The Royal Advisory Council for Saharan Affairs (; ) is an advisory committee to the Moroccan government on Western Sahara. It was created under Mohammed VI in early 2006, after a new autonomy plan proposed by Morocco to replace the United Nations' Baker Plan. The Polisario Front opposes Morocco's autonomy plan, demanding for a referendum and independence.

Mission
The CORCAS is a consultative body for proposals related to what Morocco calls their Southern Provinces, CORCAS also defends Morocco's claim over Western Sahara in local media and abroad. The CORCAS fully condemns the refugee camps of Tindouf and the Polisario Front, citing human rights concerns.

Composition
There are 141 members of CORCAS, mostly Moroccan Sahrawi politicians and tribal leaders. The members were appointed by the King of Morocco and support Morocco's claim on Western Sahara. Khalili Erguibi, the father of the late Polisario Front leader and SADR president, Mohamed Abdelaziz was a member of CORCAS until his death in 2017.

The president of CORCAS, Khalihenna Ould-Errachid, founded the Partido de Unión Nacional Saharaui (PUNS) in 1974, the party supported the Spanish colonization of Spanish Sahara. After the departure of the Spanish in 1975 and the disbanding of the PUNS, Ould-Errachid pledged allegiance to the king of Morocco at the time, Hassan II and helped organize the Green March, he is an active defender of Morocco's claim over Western Sahara.

International activities
Members of CORCAS are regularly featured in the Moroccan press. The president of CORCAS, Khalihenna Ould-Errachid, regularly attends meetings in international forums, such as the United Nations, where Western Sahara is discussed.
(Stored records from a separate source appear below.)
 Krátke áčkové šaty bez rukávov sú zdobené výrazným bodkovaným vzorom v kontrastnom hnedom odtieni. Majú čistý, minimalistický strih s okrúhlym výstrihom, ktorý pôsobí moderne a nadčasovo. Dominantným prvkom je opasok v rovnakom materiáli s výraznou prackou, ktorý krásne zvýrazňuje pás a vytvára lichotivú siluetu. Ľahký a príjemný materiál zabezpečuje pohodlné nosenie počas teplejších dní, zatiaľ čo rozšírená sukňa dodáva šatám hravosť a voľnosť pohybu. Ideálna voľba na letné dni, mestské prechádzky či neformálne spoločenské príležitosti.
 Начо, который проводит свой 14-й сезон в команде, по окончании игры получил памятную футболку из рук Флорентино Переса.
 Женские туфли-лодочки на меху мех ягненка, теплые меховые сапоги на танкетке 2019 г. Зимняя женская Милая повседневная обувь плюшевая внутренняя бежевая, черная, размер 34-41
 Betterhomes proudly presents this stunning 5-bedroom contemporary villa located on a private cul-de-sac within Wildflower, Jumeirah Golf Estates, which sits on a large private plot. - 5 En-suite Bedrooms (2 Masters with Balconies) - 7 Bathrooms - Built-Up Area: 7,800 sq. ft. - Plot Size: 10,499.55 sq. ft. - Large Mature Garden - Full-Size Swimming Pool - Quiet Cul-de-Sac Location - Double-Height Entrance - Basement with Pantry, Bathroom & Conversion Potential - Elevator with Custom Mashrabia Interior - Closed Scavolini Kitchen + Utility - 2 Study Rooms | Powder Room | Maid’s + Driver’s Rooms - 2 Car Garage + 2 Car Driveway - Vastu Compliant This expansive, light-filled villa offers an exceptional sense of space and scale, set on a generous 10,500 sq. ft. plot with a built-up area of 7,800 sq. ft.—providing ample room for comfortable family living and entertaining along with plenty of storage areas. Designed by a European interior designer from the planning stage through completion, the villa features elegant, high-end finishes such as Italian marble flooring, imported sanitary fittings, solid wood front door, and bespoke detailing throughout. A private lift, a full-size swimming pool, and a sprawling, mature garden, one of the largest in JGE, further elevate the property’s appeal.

Most notably, Ould-Errachid has met with the President of the People's Republic of China, Hu Jintao.

Criticism
In 2008, a transcript from a 2005 Equity and Reconciliation Commission meeting regarding the Western Sahara War was leaked to Al-Jarida al-Oula, during the meeting, Ould-Errachid declared that "there are some people [...], about three or four Army officers who have committed what can be called war crimes against prisoners outside the scope of the war" and that "many civilians were thrown from helicopters or buried alive".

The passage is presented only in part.